BTW, I have a local xsd that further constrains the published schema that
picks up several additional RM invariants. Happy to contribute this but
don't want to confuse the status of the official schema. I also have a
demographic schema which I believe is currently not part of the current
openEHR release.
Heath
On 08/05/2012 12:09 AM, "pablo pazos" <pazospablo at hotmail.com> wrote:

>  Hi Seref, I've a tool that generates composition instances from
> archetypes and data, what I don't have is a way to generate a valid XML
> form from those compositions.
>
> In order to do that, we should resolve current reported issues with the
> XSDs (see my first email), and then generate XMLs, at first maybe by hand,
> later integrated into tools.
>
> --
> Kind regards,
> Ing. Pablo Pazos Guti?rrez
> LinkedIn: http://uy.linkedin.com/in/pablopazosgutierrez
> Blog: http://informatica-medica.blogspot.com/
> Twitter: http://twitter.com/ppazos <http://twitter.com/ppazos>
>
> ------------------------------
> Date: Mon, 7 May 2012 15:26:28 +0100
> Subject: Re: How about creating an openEHR test base?

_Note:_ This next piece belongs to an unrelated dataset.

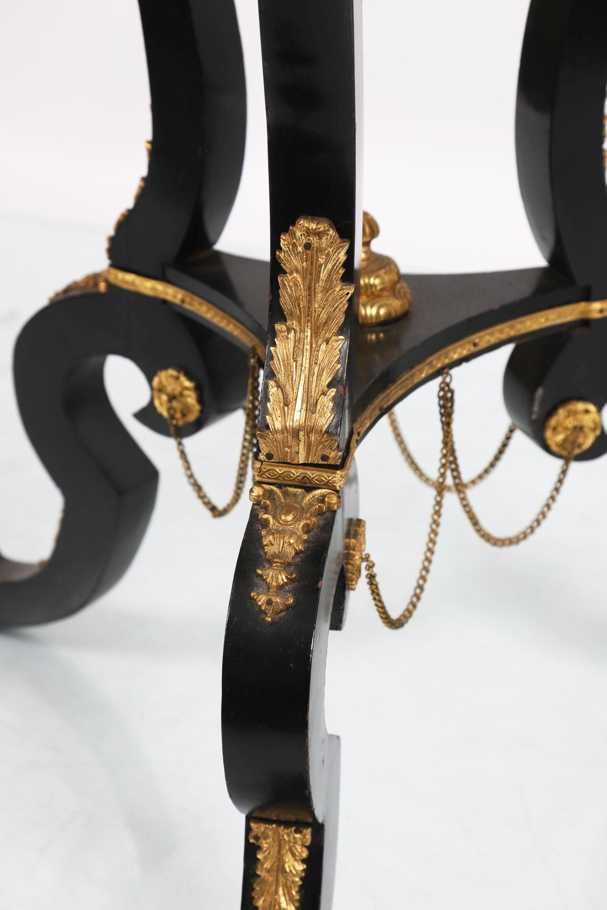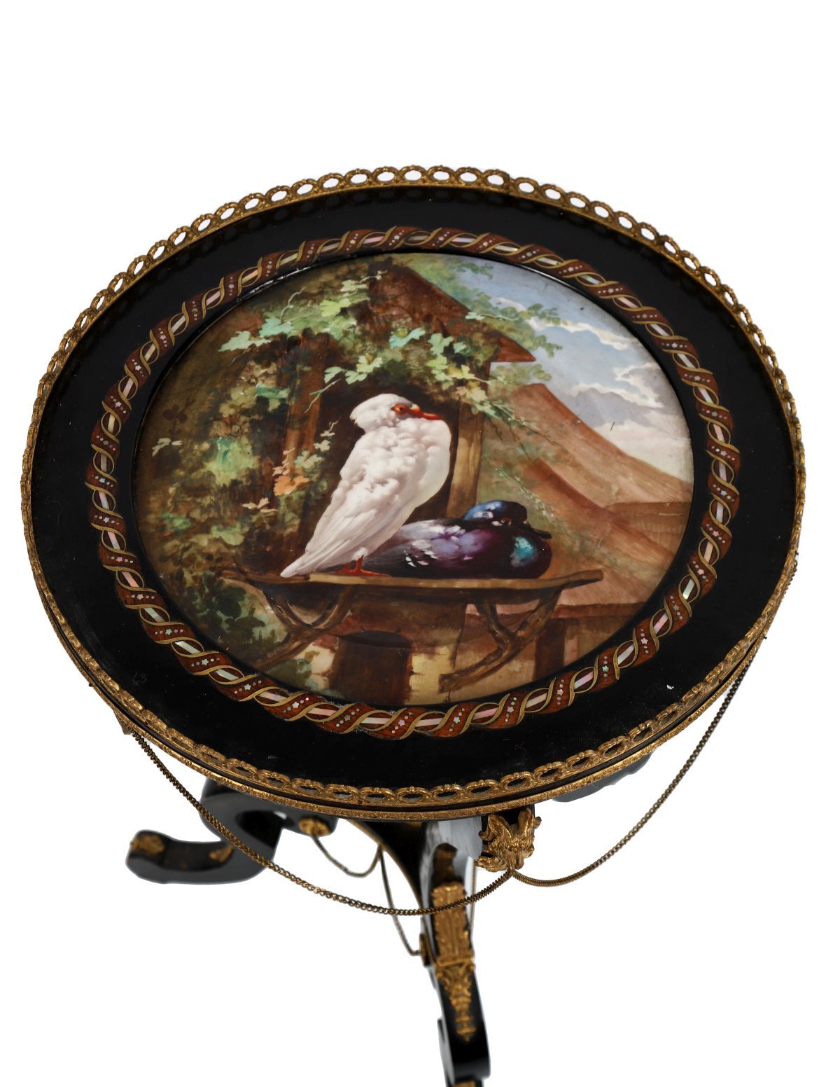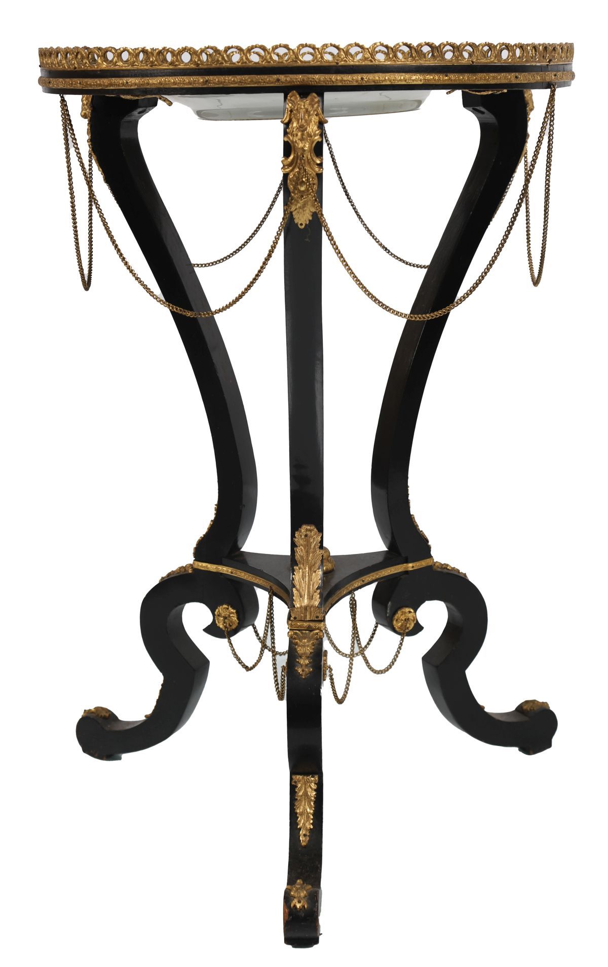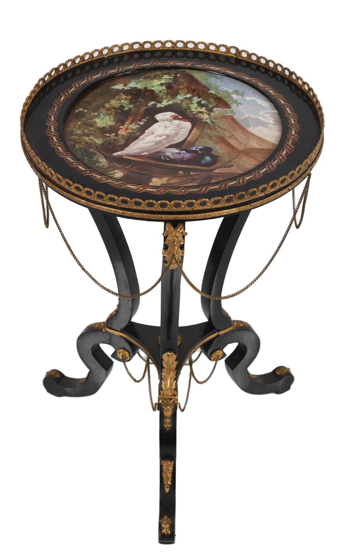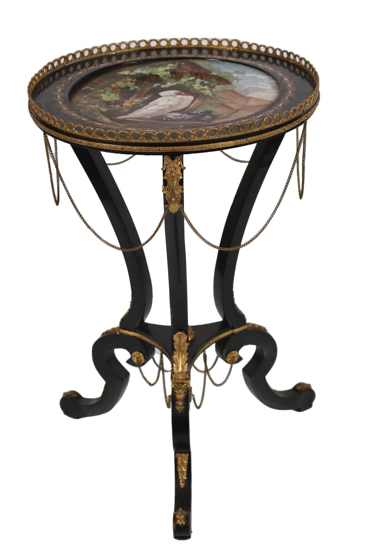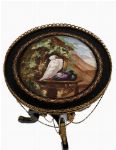 19th-century ebony table, the circular top centred with a porcelain panel, within an ormolu-mounted surround, raised on curved supports united by a stretcher and terminating in ormolu-mounted feet.

> From: serefarikan at kurumsalteknoloji.com
> To: openehr-technical at lists.openehr.org
>
> I don't have the time to do what I'm going to suggest next, but if someone
> has time in their hands, I'd suggest writing a tool that will automatically
> generate valid XML RM documents, such as compositions etc.
>
> Archetypes and templates define boundaries of all valid instances of
> clinical models, and one can generate random instances that belong to this
> set. Opereffa's current version supports this, but not with XML output. I
> used this approach to test performance of persistence options
>
> If our argument is that all the clinical information can be represented
> via models, why should be create RM instances by hand?
>
> Regards
> Seref
>
>
> On Mon, May 7, 2012 at 3:05 PM, pablo pazos <pazospablo at hotmail.com>wrote:
>
>  Hi Thomas, just to be sure we are on the same page:
>
> From previous emails:
>
> *What we need is to test our implementations (EHRs, services,
> repositories, etc), we don't want to test the tools or the specs (i.e. we
> will not use an archetype for a "guitar" concept).*
> *
> *
> *We want to concentrate on flat archetypes and operative templates,
> things that will be used by systems, not on source ADL archetypes with
> slots, abstract types and other things that makes implementation a pain in
> the 4$$... you know what I mean.*
>
>
> JSON and other serialization formats should be considered only for
> transport purposes, not for modelling, BTW I mentioned only RM instances in
> JSON, not archetype instances (but it's possible to transport archetype and
> templates using JSON).
>
> What I want (and maybe others) is:
>
> 1. to be sure that RM XSDs are correct compared to the specs,
> 2. have some RM XML instances are correct validated against XSDs,
> 3. to have RM XML instances generated for some OTPs, with the referenced
> source archetypes and term sets accessible too,
> 4. create some JSON form of those RM XML instances to play around with
> REST services and web browser/javascript apps,
> 5. create some test cases in our own projects to be sure we are ok, maybe
> share those tests and results,
> 6. maybe do some interoperability tests, e.g. generate some of this
> artifacts in one system, transport them to another and see if test cases
> pass or not.
>
> What do you think guys?
>
> Kind regards,
> Pablo.
>
> ------------------------------
> Date: Mon, 7 May 2012 10:30:34 +0100
> From: thomas.beale at oceaninformatics.com
> To: openehr-technical at lists.openehr.org
>
> Subject: Re: How about creating an openEHR test base?
>
> On 06/05/2012 13:28, pablo pazos wrote:
>
>  Hi Peter, thanks for the pointer.
>
>  I think this is only ADL related and only 1.5. My idea is to include
> ADL1.4 and RM instances in XML and JSON, RM & AOM XSD, also term sets.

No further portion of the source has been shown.